The Next Generation Energy Act was passed with strong bipartisan support and signed by Gov. Tim Pawlenty in 2007. At the time, it placed Minnesota in the forefront of states aiming to develop local energy and reduce greenhouse gases.
2007 LAW IS GOVERNMENT INTERFERENCE, REPUBLICANS SAY
Now Republican legislative leaders feel that the 2007 legislation is a government interference that is holding back the state's economic recovery.
Some observers are surprised that leaders in the new Republican majority are championing bills on energy policy so early in a legislative session that is supposed to concentrate on jobs and the impending state deficit.
Rep. Mike Beard, R-Shakopee, is chief author of a bill to repeal the state's restrictions on new coal-fired power plants.
Those restrictions are part of the Next Generation Energy Act, a measure that was very popular at the time -- Beard even voted for the final bill himself -- but now he said that vote was a mistake, and it's time to undo it.
Beard said as soon as the recession is over, our economy will demand more energy, and we shouldn't cripple ourselves with bans and restrictions on power.

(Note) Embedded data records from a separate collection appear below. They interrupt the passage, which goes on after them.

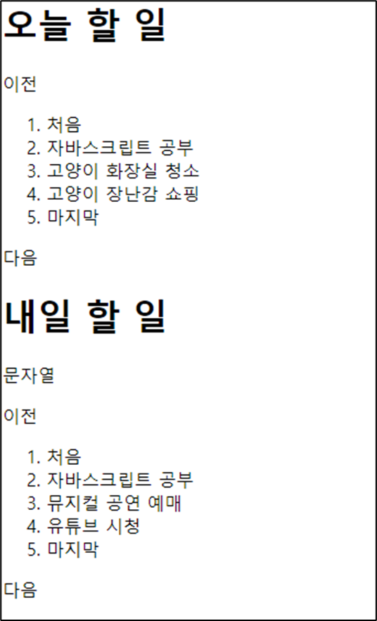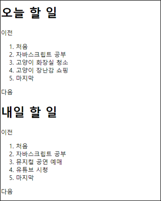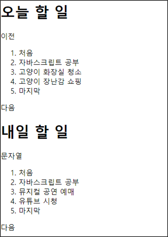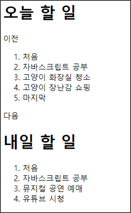 '오늘 할 일'의 '처음' 이라는 부분을 '내일 할 일'에도 만들기위해 li 태그를 만들었다.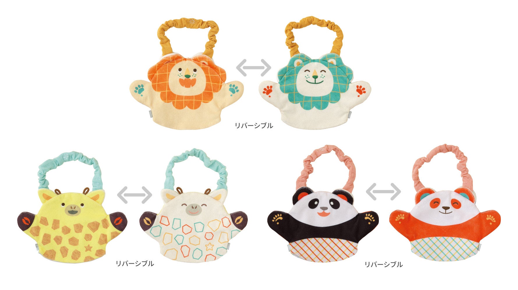 ナチュラルなカラーリングを基調とした従来の4種とは対照的にポップなデザインに仕上げました。表と裏で動物の表情が違うのでその日の服に合わせて好きなデザインを選んだり、リバーシブルを活かした「いないいないばぁ遊び」で赤ちゃんの笑顔を引き出します。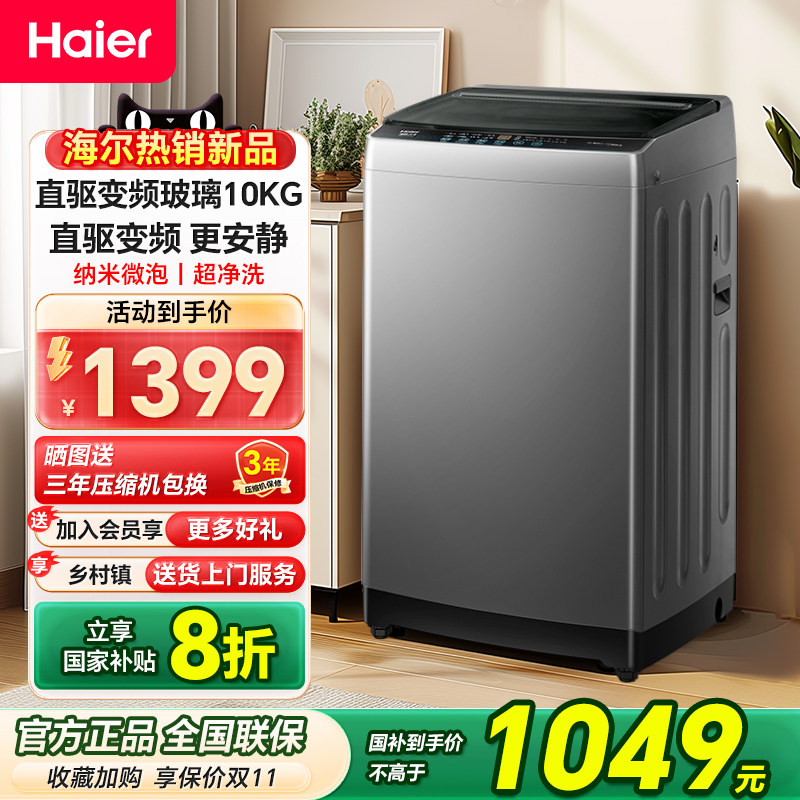 海尔洗衣机家用波轮10/12公斤全自动大容量直驱变频除菌以旧换新
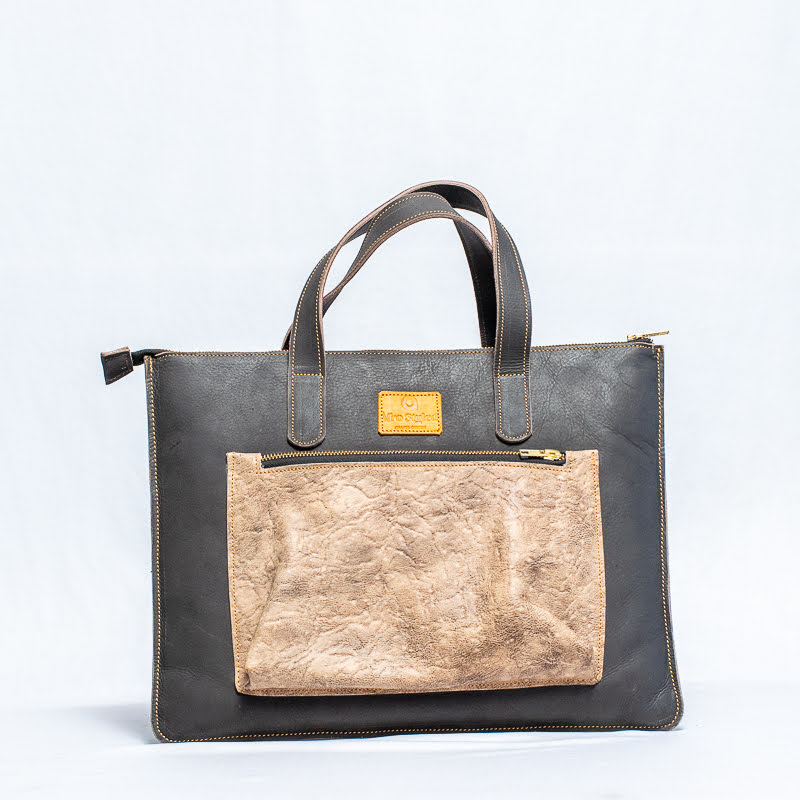 Two-tone leather tote bag for women with sturdy leather handles and a front beige leather pocket,handcrafted in a minimalist design.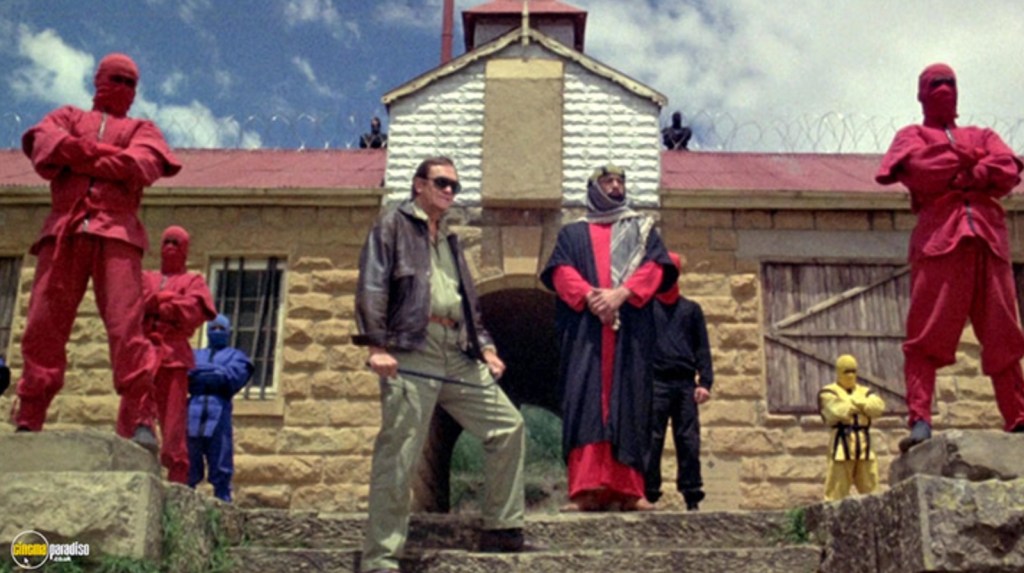 Delving deep into the Cannon Group sack of nefarious supervillain plots, we find that Muslim militant Shiekh Ali Maksood has joined with Colonal Scarf Mulgrew, an American hating ex-British policeman to concoct a dastardly plan to smuggle a Suitcase Nuke into New York. In retaliation, a Delta Force unit has been sent in to sort this mess out, only to run into Maksood’s sizable Ninja army and those who aren’t sliced into ribbons or riddled with arrows are captured to be executed at a later date.
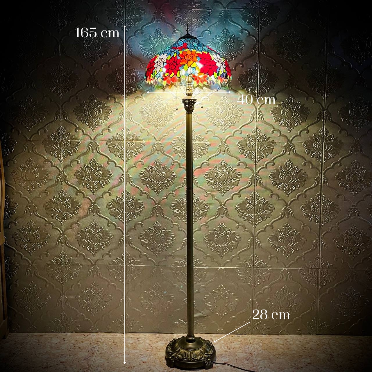 - Chiều cao: 165 cm (từ đế đến đỉnh chao đèn)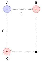 In the figure above, charge A is -5.00 nC, charge B is 10.0 nC, and charge C is 5.00 nC. If x = 2.10 cm and y = 4.20 cm, what is the electric field at the dot?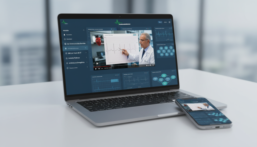 Aprenda a pensar, interpretar ECGs e decidir com segurança na sala vermelha, com quem vive a cardiologia de emergência há mais de 22 anos.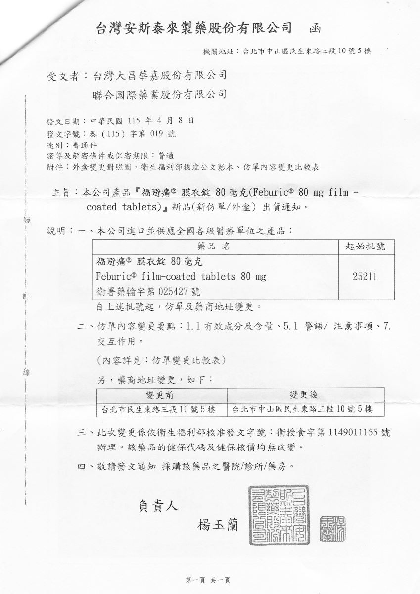 【仿單變更-安斯泰來】福避痛膜衣錠 80MG 28T/盒 發布日期:2026-04-17 瀏覽人次:25 相關圖片 福避痛仿單變更-安斯泰來.jpg 附件檔案 檔案名稱 檔案大小 更新日期 下載檔案 福避痛仿單變更-大昌華嘉.pdf 511KB 2026-04-17 pdf 福避痛仿單變更-安斯泰來.pdf 613KB 2026-04-17 pdf BACK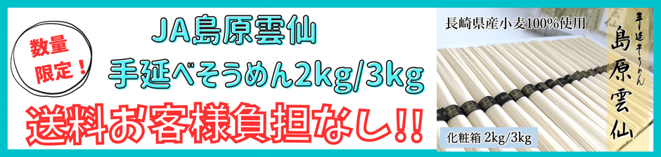 キャンペーン期間中は、「もぐもぐながさき」で「「島原雲仙」手延べそうめん2kg 化粧箱入」「「島原雲仙」手延べそうめん3kg 化粧箱入」「「島原雲仙」手延べそうめん2kg 化粧箱入×2箱セット」「「島原雲仙」手延べそうめん3kg 化粧箱入×2箱セット」の4商品を数量限定で送料お客様負担なしで販売しています。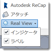 点群に Real View のインジケータおよび説明が含まれている場合、これらの表示のオン/オフを[Real View]ドロップダウン メニューで切り替えることができます。

He said he does not believe global warming is a big problem.
"The climate changed before we were here; the climate will change long after we're gone," Beard said. "It just changes; it's always variable. Do we have an impact? Sure we do. But does that mean we have to stop everything and go back to windmills and rubbing sticks together? I don't think so."
Beard's bill would repeal the parts of the 2007 legislation that prohibit a utility from building a new coal plant, or importing more coal-generated electricity, unless it offsets the added carbon emissions or until the state has a plan in place to reduce greenhouse gases.
Beard said he approaches energy questions with a philosophy that government usually causes more problems than it fixes.
"Instead of letting bright people, people with ingenuity, find a better way, we try to pick the winners and losers and proscribe what we're going to do going forward," Beard said. "With the best of intentions, we gum things up ... and I'm trying to un-gum it."
A NUMBER OF REPEAL BILLS IN THE WORKS
Beard's bill is one of several aimed at dismantling the current rules on energy. A bill to repeal Minnesota's moratorium on new nuclear plants has cleared one House committee. Waiting in the wings is a bill to repeal the state's efficiency goals and renewable mandates.
Another bill states that Minnesotans can indefinitely use incandescent light bulbs, as long as they're manufactured in the U.S. Current U.S. law requires light bulbs to become much more efficient, so much so that incandescent lights are expected to eventually be phased out.
The chief author of that energy legislation back in 2007 was Rep. Bill Hilty, DFL-Finlayson. Hilty said passing the Next Generation Energy Act was like putting out a sign to let businesses know the state was ready to embrace renewable energy. He said it was designed to encourage new technology companies to locate and expand here.
"Why we want to turn our back on that and send a message to people interested in going to states that are receptive to that kind of technology, and say, 'No we're going to look at burning more coal instead,' ... the logic of that escapes me," Hilty said.
The nuclear and coal bills may be largely symbolic, because Minnesota utilities say they don't need that type of power for at least the next 15 years.
Linda Taylor, clean energy director at the group Fresh Energy, said planners at the federal and regional levels are figuring out how to incorporate renewable energy into the national grid.
"The whole system is moving beyond this almost silly discussion we're having in Minnesota about whether or not we're going to build nuclear power plants or coal power plants," Taylor said. "We're kind of behind the times I think on these things.
Nationally, there is no strong trend on energy issues -- some states are backing off on their commitments to renewable energies, while others are holding fast.
Gov. Mark Dayton has not said whether he would veto any particular bill yet, but during the campaign he advocated keeping the moratorium on new nuclear plants.